Using MemorySegment::byteSize as a loop bound is not being hoisted

Fri Jun 27 13:23:03 UTC 2025

Hi Chris,
your benchmark seems to point out more at a performance difference 
between array vs. memory segment vector load.

The memory segment load has to perform an additional liveness check, but 
I doubt this is your issue here.

This leaves the bound check difference -- the array load uses the int 
version of the Objects.checkIndex, whereas the segment load uses the 
long version of that. Both are intrinsified, so they should work 
correctly, but maybe there's something going on.

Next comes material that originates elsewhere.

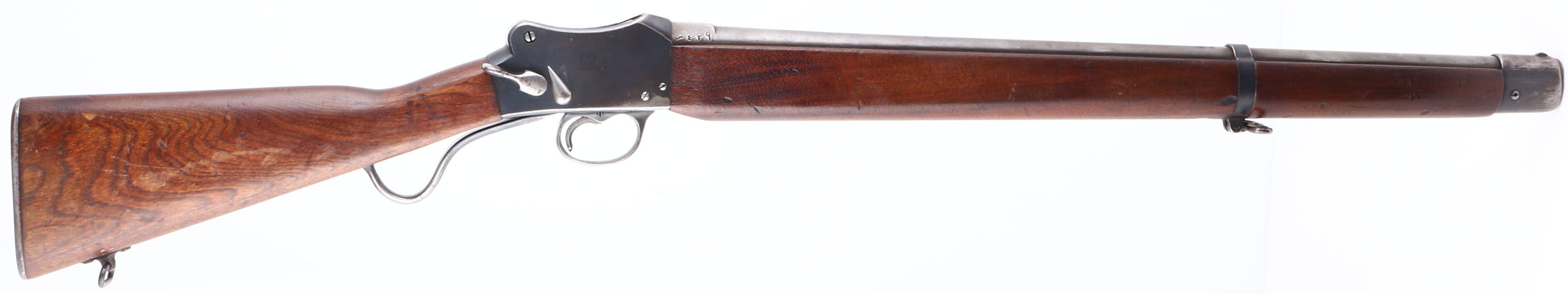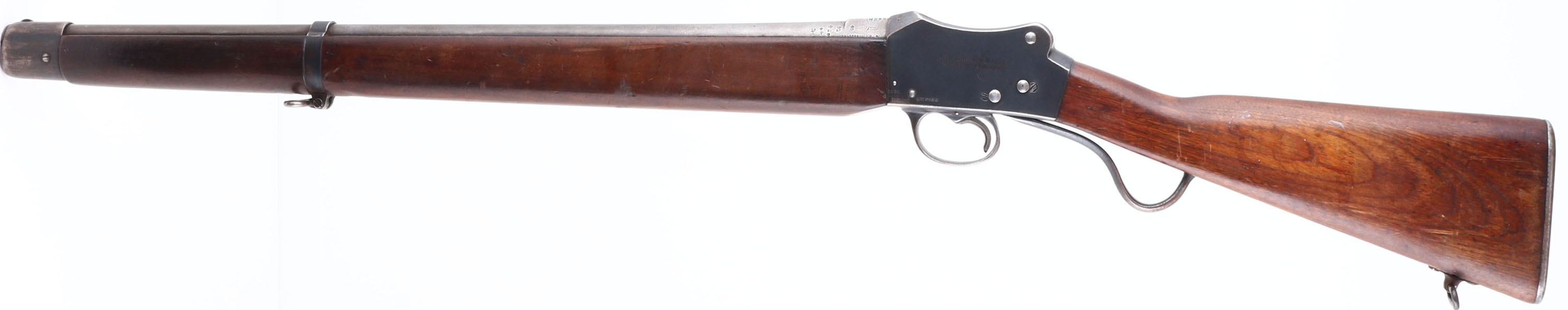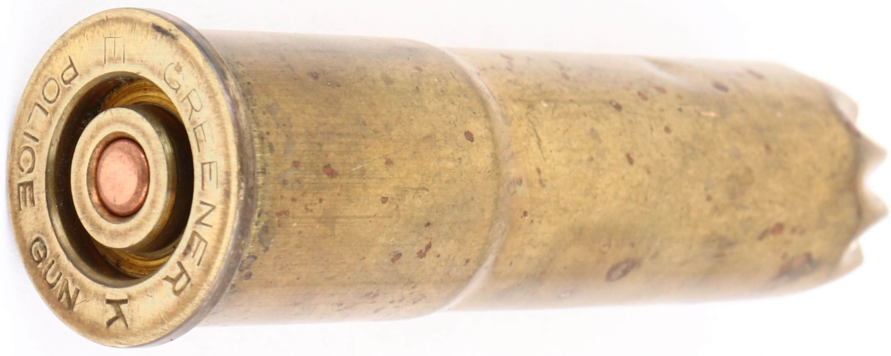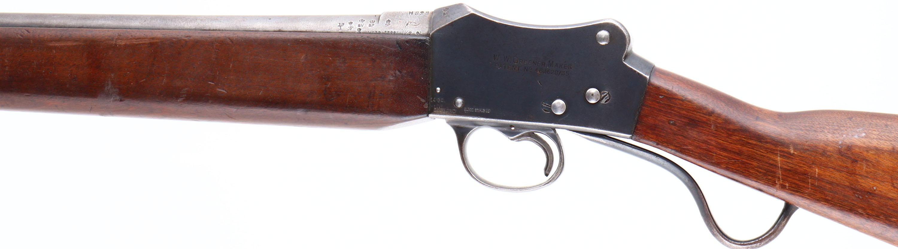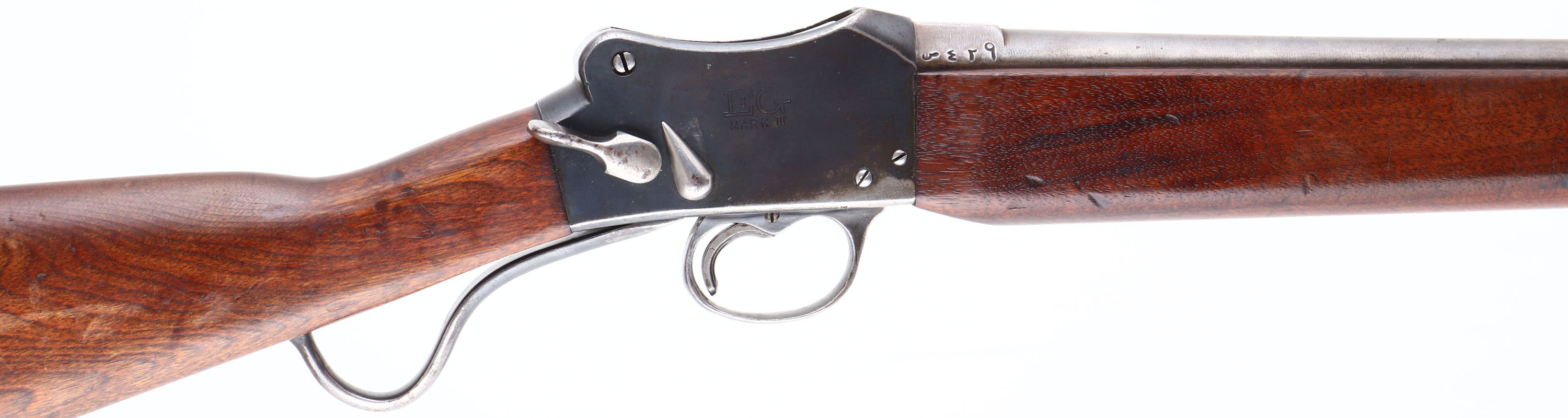 Egyptian, Greener Police Gun Mark III (Sarco Inc), CAL: 14GA Greener, MFG: 1930's, SN: 38438, Lever Action Single Shot Shotgun, 26'' barrel. At the time in Egypt, corruption was on the forefront, frequently criminals would pay policemen to ''borrow'' their guns to commit crimes. To prevent unauthorized use, the Mk III was developed. The Mk III the striker has three separate points instead of a single firing pin. The center projection was the firing pin, but in order for it to work, the two outer pins had to fit into an annular groove in the base of the 14GA Greener cartridges. This change prevented criminals from using standard ammunition in the guns. Mk III guns were produced in 14 bore that takes a special bottlenecked cartridge that had a 12 bore base, but necked down to 14 bore. All cartridges have a annular groove in the base to function in the police gun. Included in this lot is a single, unfired 14GA Greener shotgun shell. The left side of barrel is marked with many proof marks & other informational markings, the top of the barrel is marked '' GREENER MARK III''. Left side of receiver is marked in two lines '' W.W GREENER.MAKER PATENT. NO463628/35'' & the right side of receiver is marked ''EG MARK III''. The straight grip full length wood stocks are excellent. There are multiple contusions, scrapes & dings to the finish. The metal blue finish on the barrel has worn to metal grey, with a thin brown patina & the receiver rates 85%, with spotting, toned to a brown patina. Bore is very good, shows normal use. Bore is excellent. The receiver has an integrated notch that acts like a rear sight & the barrel holds a small half-moon blade front sight. Sling loops. Smooth metal trapdoor buttplate. In total, appx 37,000 guns of this type were produced. FFL or C&R Req. - Value: 400 to 800

Have you tried using this:

-Djdk.incubator.vector.VECTOR_ACCESS_OOB_CHECK=0

This should completely disable the bound check from the load operation. 
It would be intersting to know if that eliminates the performance delta.

Maurizio

On 27/06/2025 11:28, Chris Hegarty wrote:
> Hi,
>
> I've been rewriting parts of our codebase which currently uses the 
> Panama Vector API to provide optimised distance comparison functions 
> for vector search algorithms. We previously used float[]'s which 
> necessity a copy from our off-heap storage into the heap, so we simply 
> want to use a MemorySegments to avoid this - since our stored vectors 
> are in a file on-disk and mmapp'ed.
>
> I see that using MemorySegment::byteSize as a loop bound is not as 
> optimised as it could be. The bound is not getting hoisted out of the 
> loop body, where it does when using array length.
>
> I created a minimal jmh benchmark that demonstrates what I see
> (some assumptions are made about unrolling and tail avoidance for 
> simplicity):
> https://github.com/ChrisHegarty/memseg-vector-bench/tree/main
>
> Example output
> Benchmark                               Mode  Cnt   Score   Error Units
> MemorySegmentBench.dotProductArray      avgt   20  61.154 ± 0.266 ns/op
> MemorySegmentBench.dotProductHeapSeg    avgt   20  98.806 ± 3.143 ns/op
> MemorySegmentBench.dotProductNativeSeg  avgt   20  95.282 ± 0.356 ns/op
>
> I would have expected memory segment to perform better than this, but 
> maybe this is just not optimised yet on AArch64 (I've not tried x64 
> yet). OR I'm doing something wrong?
>
> For now, I'm working around this by writing my own native 
> implementation and linking through FFI, but this is quite a bit of 
> effort just to avoid this bug. And my native implementation only gets 
> me back to the array perf.
>
> -Chris.